The full Pipecat pipeline as it exists in app.py::run_bot.

Order

python
Pipeline([
    transport.input(),          # SmallWebRTCInputTransport — mic RTP → AudioRawFrame
    EchoGuardSuppressor(...),   # drops mic audio while bot speaks + 300ms tail
    stt,                        # LocalWhisperSTT — HF Whisper large-v3-turbo
    user_agg,                   # LLMUserAggregator — VAD turn-taking + context build
    BargeInGate(),              # adaptive barge-in: grace window on VAD-fired interrupts
    MicroAckInjector(...),      # "mm" after 500ms if pipeline is slow (Vapi pattern)

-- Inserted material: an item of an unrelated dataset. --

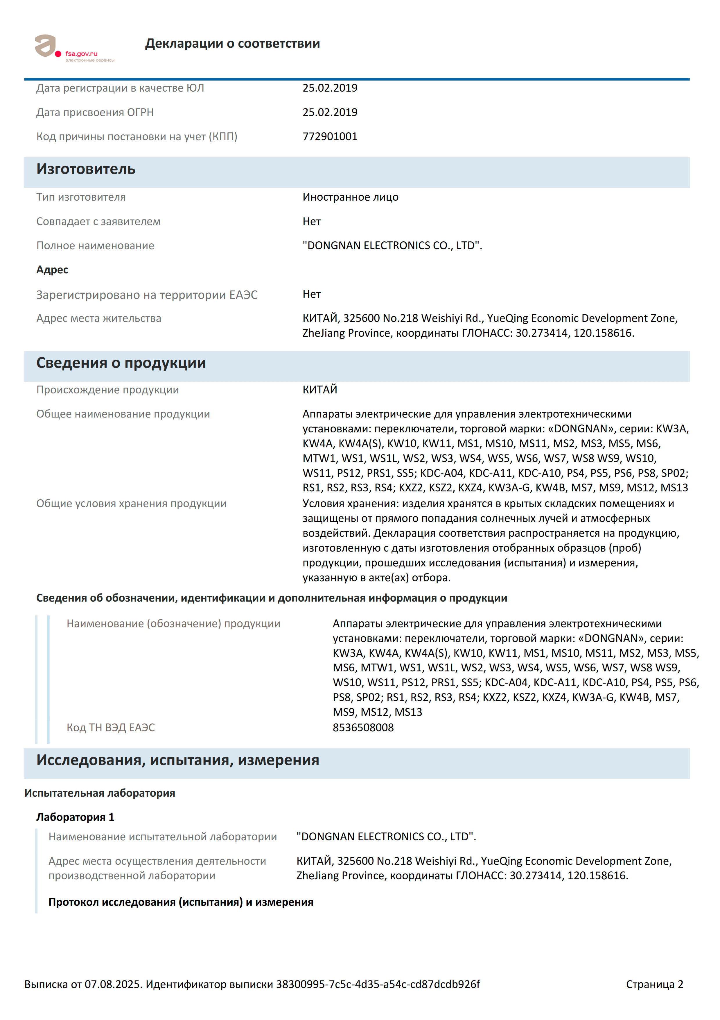 Декларация о соответствии
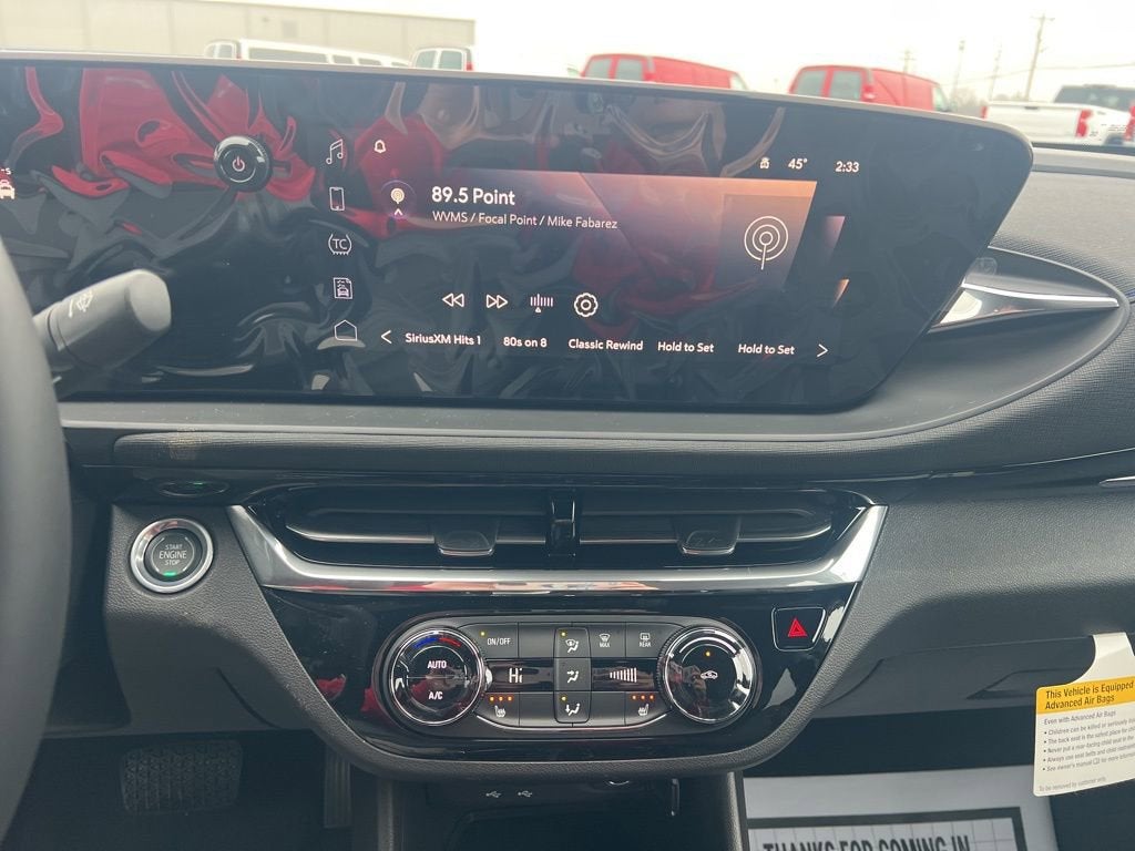 Ocean Blue Metallic 2026 Buick Envista Sport Touring FWD 6-Speed Automatic ECOTEC 1.2L Turbo 2026 Buick Envista Sport Touring Ocean Blue Metallic, 2 USB Ports (1 Type-A, 1 Type-C), 2-Way Power Driver Lumbar Control, 3.50 Final Drive Axle Ratio, 4-Way Manual Front Passenger Seat Adjuster, 4-Wheel Disc Brakes, 6 Speakers, 6-Way Manual Driver Seat Adjuster, 8-Way Power Driver Seat Adjuster, ABS brakes, Adaptive Cruise Control, Advanced Safety Package, Air Conditioning, Alloy wheels, AM/FM radio: SiriusXM, Auto High-beam Headlights, Automatic temperature control, Brake assist, Bumpers: body-color, Compass, Convenience I Package, Delay-off headlights, Driver door bin, Driver vanity mirror, Dual front impact airbags, Dual front side impact airbags, Electronic Stability Control, Emergency communication system: OnStar, Exterior Parking Camera Rear, Front anti-roll bar, Front Bucket Seats, Front Center Armrest, Front Doors Keyless Open, Front reading lights, Front wheel independent suspension, Fully automatic headlights, Heated door mirrors, Heated Driver and Front Passenger Seats, Heated Steering Wheel, Illuminated entry, Lane Change Alert with Side Blind Zone Alert, Leatherette Seat Trim, Low tire pressure warning, Occupant sensing airbag, Outside temperature display, Overhead airbag, Overhead console, Panic alarm, Passenger door bin, Passenger vanity mirror, Power door mirrors, Power steering, Power windows, Premium 6-Speaker Audio System Feature, Radio data system, Radio: AM/FM Stereo Audio System, Rear Cross Traffic Alert, Rear Parking Sensors, Rear window defroster, Remote keyless entry, Security system, SiriusXM Trial Subscription, Speed control, Split folding rear seat, Steering wheel mounted audio controls, Tachometer, Telescoping steering wheel, Tilt steering wheel, Traction control, Trip computer, Turn signal indicator mirrors, Variably intermittent wipers, Wheels: 18 Black Painted Aluminum, Wireless Apple CarPlay/Wireless Android Auto.

    backchannel,                # BackchannelController — "mm-hmm" during long user turns
    delivery,                   # DeliveryController — priority-routed push deliveries
    llm,                        # OpenAILLMService — vLLM / external
    tts,                        # FishAudioTTS or LocalKokoroTTS / OpenAI
    transport.output(),         # SmallWebRTCOutputTransport — TTS → RTP → speaker
    ProsodyTagStripper(),       # cleans Fish tags out of LLM history
    assistant_agg,              # LLMAssistantAggregator + built-in LLMContextSummarizer
])
  • EchoGuardSuppressor drops mic audio while the bot is speaking + ECHO_GUARD_MS tail so VAD never sees it. See Audio Handling.

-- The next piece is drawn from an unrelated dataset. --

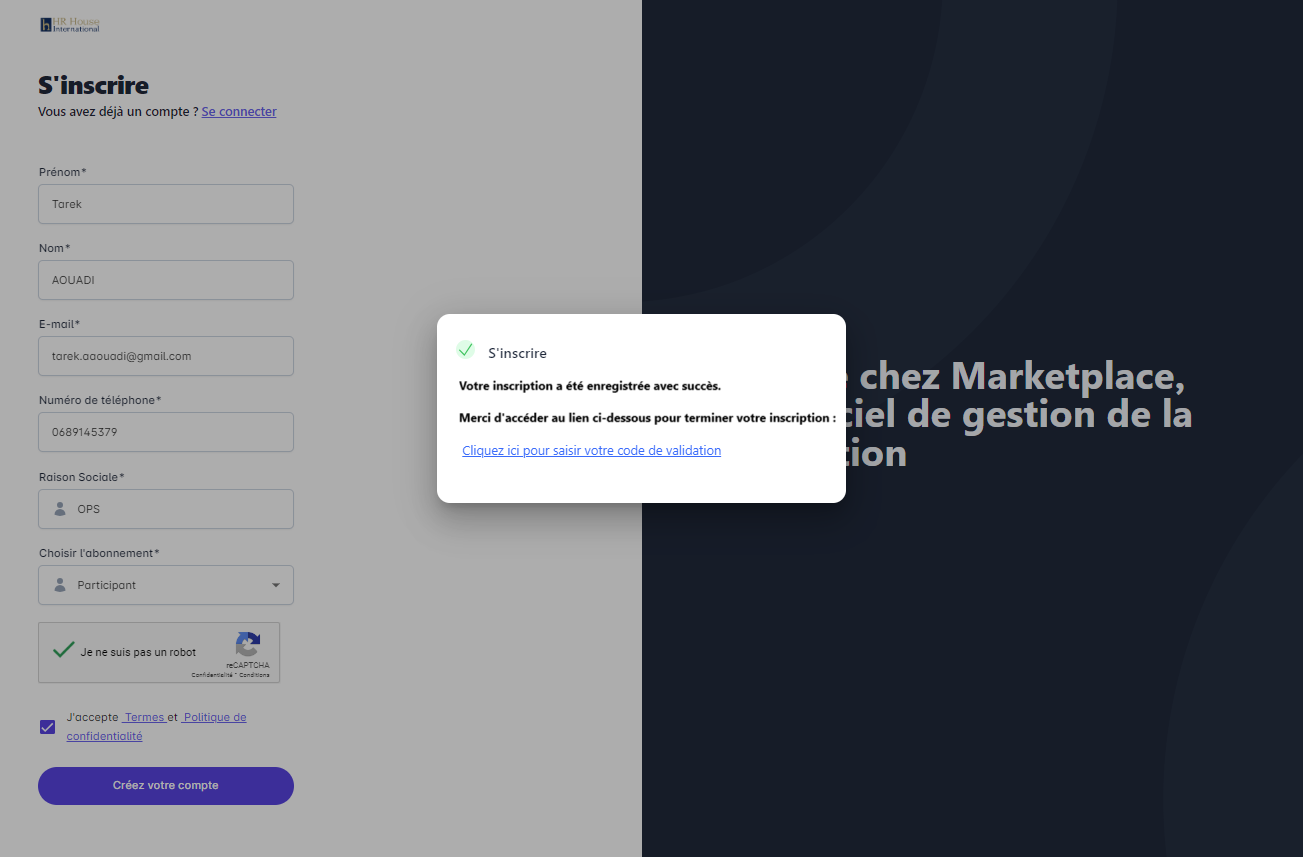 Votre inscription a été enregistrée avec succès.
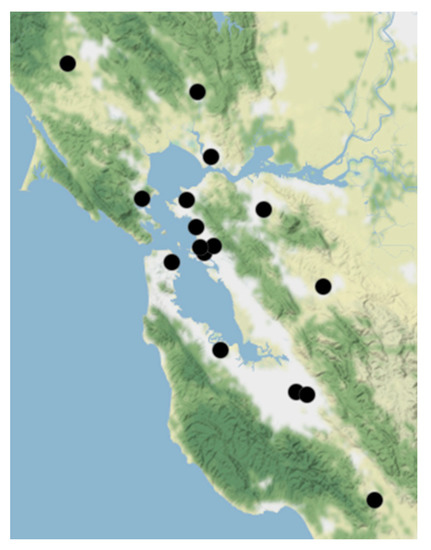 We gathered data on daily 24-h average and daily maximum hourly average PM2.5 concentrations (μg/m3) from the BAAQMD. We included all the BAAQMD ground-level monitors in the Bay Area that measured PM2.5 concentrations during 2017 and 2018, which yielded a total of 16 stations in both urban and non-urban settings. The locations of these stations are displayed in Figure 1. The BAAQMD validates their data through audits for quality assurance that meet the U.S. Environmental Protection Agency’s requirements.

  • BargeInGate buffers VAD-fired interrupts during bot speech for a ~350 ms grace window; swallows coughs / backchannels, flushes real interrupts.

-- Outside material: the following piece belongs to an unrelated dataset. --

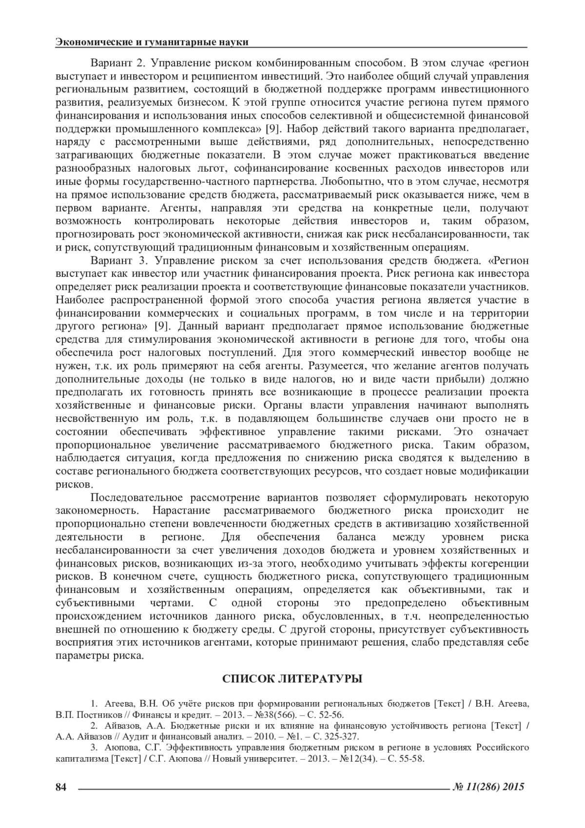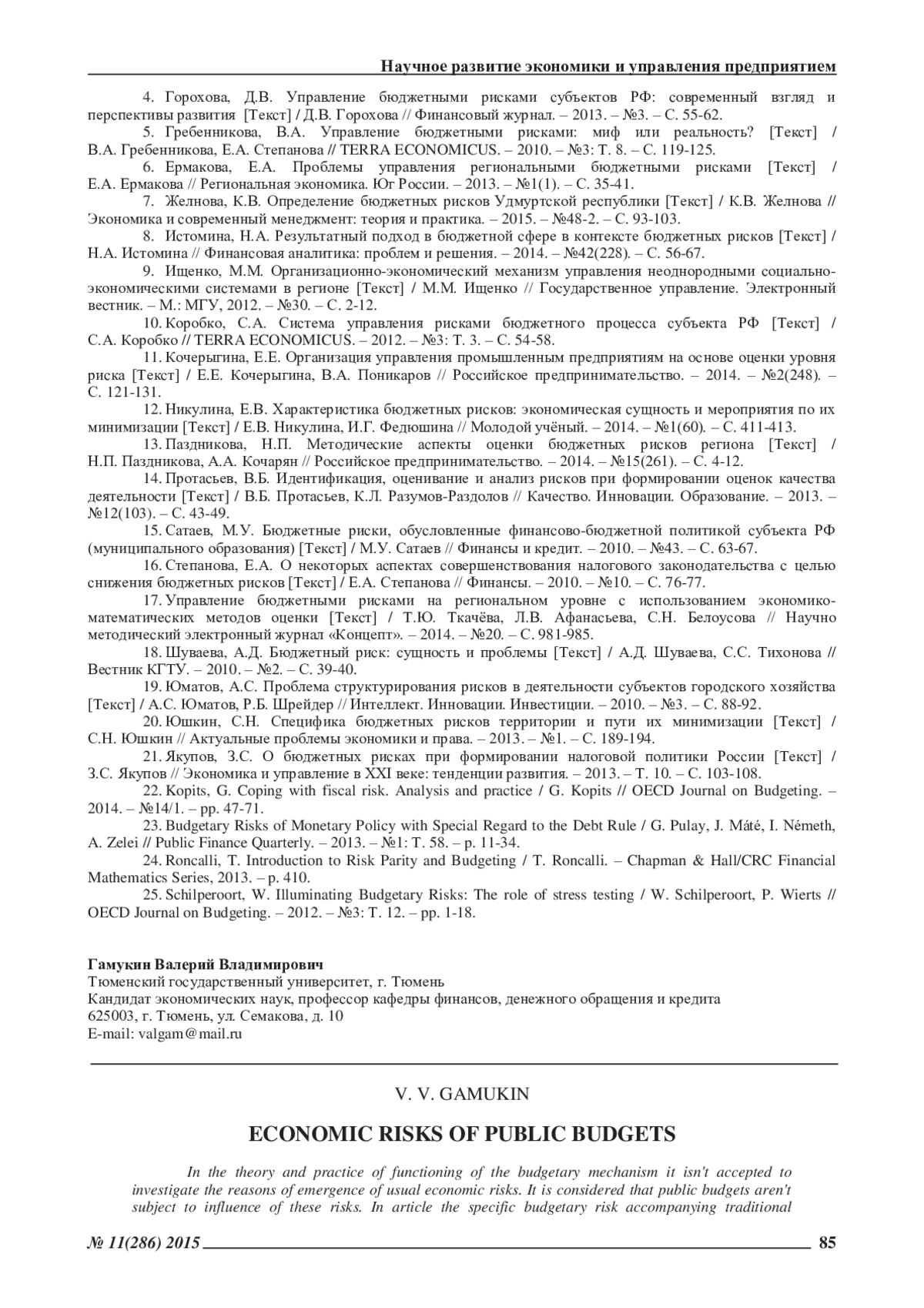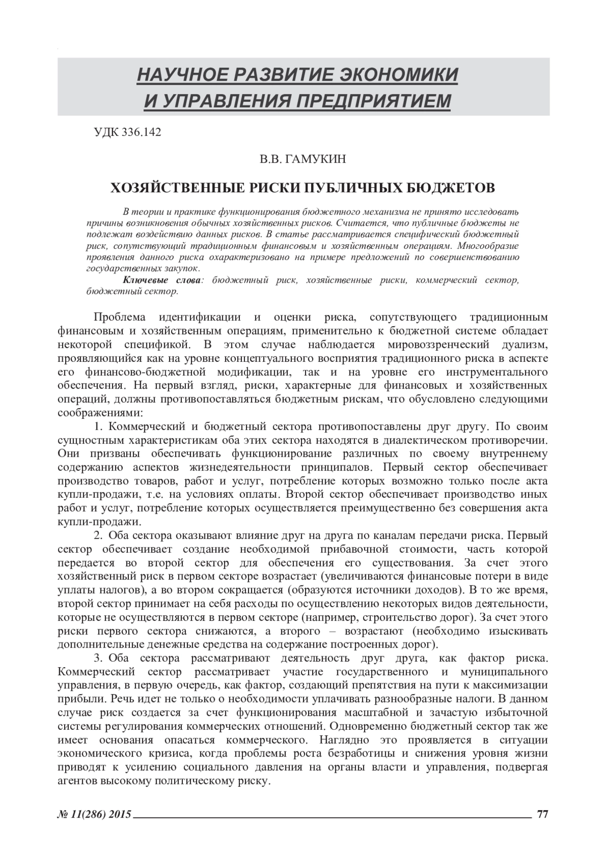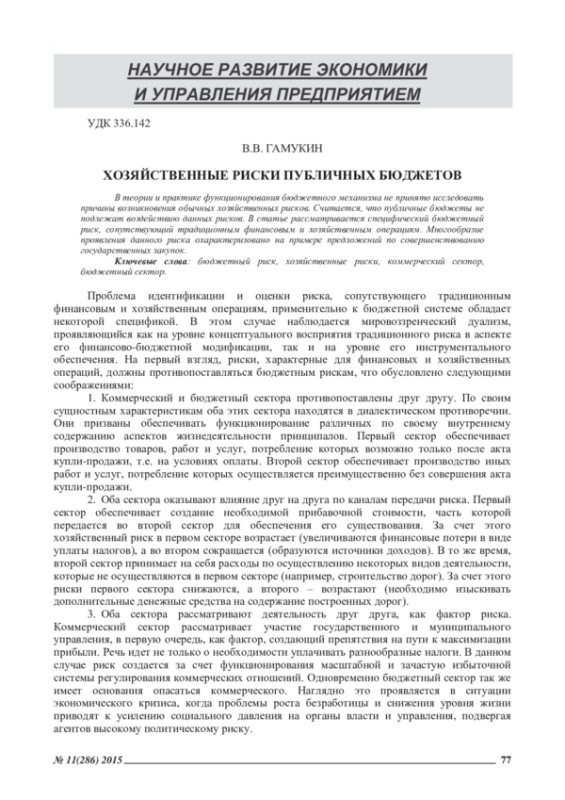 ГАМУКИН В. В. ХОЗЯЙСТВЕННЫЕ РИСКИ ПУБЛИЧНЫХ БЮДЖЕТОВ // ЭКОНОМИЧЕСКИЕ И ГУМАНИТАРНЫЕ НАУКИ. 2015. № 11 (286)

  • MicroAckInjector fires a quiet "mm" / "hm" if the main pipeline hasn't produced bot audio within ~500 ms of UserStoppedSpeaking. Cancels on BotStartedSpeaking.
  • BackchannelController watches UserStartedSpeakingFrame / UserStoppedSpeakingFrame to fire brief listener-acks during long user utterances. See Backchannels.
  • DeliveryController watches the same VAD frames + TranscriptionFrame to decide when to drain queued push results. See Delivery Policies.
  • ProsodyTagStripper removes Fish-style prosody tags ([softly], [pause:300]) from TextFrames before they reach LLM context. Non-Fish TTS services strip at the adapter level via text_filters= kwarg.
  • assistant_agg has pipecat's LLMContextSummarizer baked in; it auto-compresses old turns once token or message thresholds fire. See Memory.

Pre-tool acknowledgements

Pipecat's OpenAILLMService streams text deltas to TTS before running function calls — this is what makes inline pre-tool preambles work. The model emits "hmm, let me check" as delta.content tokens, those tokens flow through TTS to the user, then the function call executes, then post-tool tokens flow back through TTS as the answer. One LLM call, one stream, no race conditions.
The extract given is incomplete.